宋神道さんの思いをつなぐ会
趣旨
「被害者」は「被害者」ではなく、「人」でした。
1922年11月24日、日本植民地下の朝鮮忠清南道で生まれた宋神道さんは、1938年、数え十七歳の時に「戦地に行ってお国のために働けば金が稼げる」とだまされて、戦地がどんなところかも、どんな仕事をするのかも知らずに中国に連れていかれて日本軍慰安婦を強制されました。 7年間に及ぶ戦地での被害を生き抜いた後、日本人の軍曹に「結婚して一緒に日本に帰ろう」とだまされて日本に渡り、日本に着いた途端に捨てられてからは、身寄りもない日本で苦しい生活を余儀なくされました。
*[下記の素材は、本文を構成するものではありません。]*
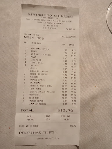Read moreThis is undoubtedly one of the best chiringuitos that I have visited this summer. The raw ingredients (fish/shellfish) have been on par with some of the best restaurants that I have been to in Barcelona and the service was spot on. I very rarely give a restaurant 10 out of 10, never-lone a chiringuito and almost never take time to add a review, but this place deserves it. Going tomorrow for what could be my last visit of the year and looking...

宋さんは1993年4月5日、日本国に賠償を求めて提訴しました。私たちは在日の慰安婦裁判を 支える会として10年に及ぶ裁判を支援し、その後は生活支援をする中で、2017年12月16日に宋 神道さんが95歳で亡くなるまで宋さんの姿を見、その言葉を聞いてきました。
私たちが生きている世界では、今もなお紛争や戦争の中、多くの人が恐ろしい暴力を受け続けています。戦時下で日本軍による性暴力被害を生き延び、裁判を通じて「このような戦争を二度としてはいけない」と訴え続けた宋さんの言葉には、日本軍から受けた暴力に対する怒りだけではなく、このような体験は繰り返されてはいけないという強いメッセージが込められています。 宋神道さんの思いをつなぐ会は、宋さんのこのような思いをつないでいきたいという気持ちから、在日の慰安婦裁判を支える会の後継団体として生まれました。
今の時代に、宋神道さんという一人の人間がどのように生きてどんな言葉を残したのか、一人でも多くの方に知ってもらいたいと願っています。